In order to exercise any of the rights set out above, or if you have questions or concerns about how we process your data, please contact us at firstname.lastname@example.org or by post at OTHS The Griffeen Centre Office 1, First Floor Dublin.
You also have the right to lodge a complaint with the Information Commissioner’s Office, whose contact details are as follows:
Data Protection Commission
Station Road, Portarlington,
Co. Laois, R32 AP23,
Telephone +353 (0761) 104 800 | LoCall 1890 25 22 31 | Fax +353 57 868 4757
GDPR Compliance Summary
OTHS has carried out a thorough analysis of the information security policies and controls in place to conclude that OTHS is compliant with the GDPR as expected from a processor with the exceptions listed separately, which require mutual agreement and assumptions.
OTHS IS FULLY COMPLIANT WITH THE BELOW GDPR ARTICLES:
Article 25 Data protection by design and by default, Article 28 Processor, Article 29 Processing under the authority of the controller or processor, Article 30 Records of processing activities, Article 31 Cooperation with the supervisory authority, Article 32 Security of processing, Article 33 Notification of a personal data breach to the supervisory authority, Article 34 Communication of a personal data breach to the data subject, Article 35 Data protection impact assessment, Article 40 Codes of conduct, Article 49 Derogations for specific situations.
We do not store and or process any “Sensitive Personal Data” a Data Protection Officer (DPO) is not required, however, you can contact us at the following email address with any queries / concerns email@example.com
EXCEPTIONS / ASSUMPTIONS:
In case of Article 7 Conditions for consent, and Article 44 General principle for transfers, all payroll data sent to OTHS is stored within our network in Dublin, Ireland; however, payroll data sent via email and secure file transfer, this data resides within European Union. To accommodate Article 44, we will follow up with each affected client individually who use their own portals for payroll data transfer which are not in the European Union.
In case of Article 47 Binding corporate rules, the payroll data of our UK clients, where their payroll data will be sent to Ireland for processing and reported back to the HM Revenue and Customs from Ireland; which would fall under point 2, sub point c, as we are required to submit Real Time Information (RTI).

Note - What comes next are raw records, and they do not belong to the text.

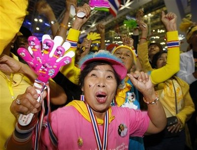 泰國(guó)反政府示威者歡呼頌猜下臺(tái)。
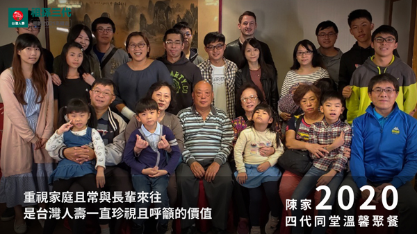 台灣人壽更以台灣知名雙溪百年朱氏家族、福山泰雅部落宗氏家族及四代同堂陳氏三大家族,拍攝「我的大家族故事」三支故事影片,傳達這三個大家族如何展現無價的家庭支持力量。其中泰雅部落宗氏家族的一家之長Yutus爺爺與其家族,肩負著泰雅文化傳承使命,Yutus爺爺不斷傳遞「我們都是祖靈的孩子,感恩祖靈給我們的一切。」從自己、孩子到孫子三代諄諄教誨;不僅保留傳統服飾及打獵習俗,孫子們也都傳承族語及傳統舞蹈。儘管幾年前家族曾發生火災,所幸家人們平安無事,更讓彼此懂得愛要及時。知足、感恩、活力這樣的信念,隨著Yutus爺爺世世相傳,成為家族強大的支持力量,相當感人。
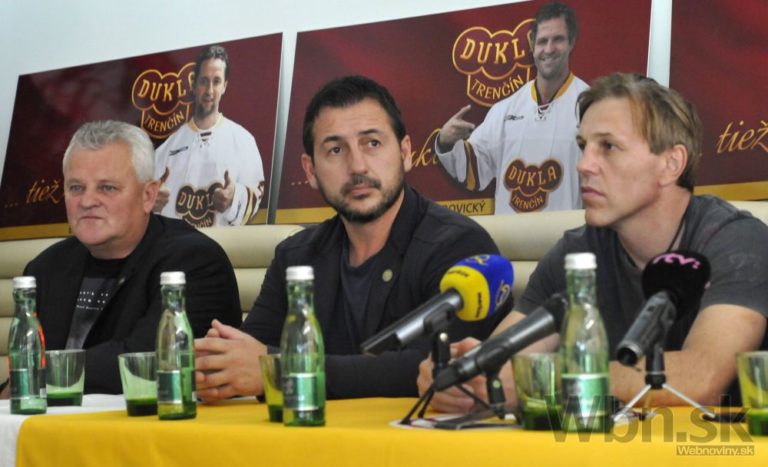 Zľava: Tréner Dukly Trenčín Roman Stantien, hokejisti Richard Lintner a Branko Radivojevič počas predsezónnej tlačovej besedy hokejového extraligového tímu Dukla Trenčín na tému: predstavenie súpisky prvého mužstva a prezentácia nových dresov. Trenčín, 7. september 2014. Foto: SITA/Tomáš Somr
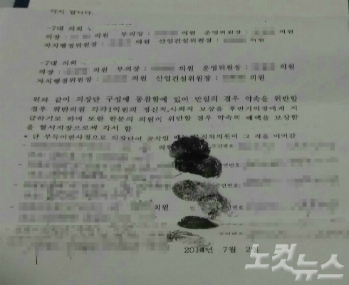 심지어 각서에는 후반기 의장으로 밀어주기로 한 후보를 지지하지 않으면 2억 원을 보상해야 한다는 내용도 담겨 있다.
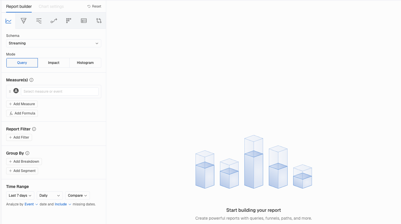 The report builder panel is now positioned on the left side of the screen, with the chart visualization taking up the remaining space on the right. The new Chart Settings tab is integrated directly into the builder panel, allowing you to refine and customize visualizations inline. This architectural change also sets the foundation for expanded visualization real estate coming in future releases.

In case of Article 48 Transfers or disclosures not authorised by Union law, OTHS will only honour such requests, where a mutual legal assistance treaty is in force between the requesting third country and the Republic of Ireland and with a written consent from the client (controller).
In case of Article 50 International cooperation for the protection of personal data, should OTHS deem necessary to consult the supervisory authorities prior to personal information (payroll data) transfer to a third country, the affected client will be notified to provide OTHS any and or all documentation of personal data protection legislation and practice, including on jurisdictional conflicts with third country to in order to submit a query to the supervisory authorities for clarification.
Please note that any policies and or procedures referenced in this document are classed as OTHS Confidential and these WILL NOT be shared with any third party and or client.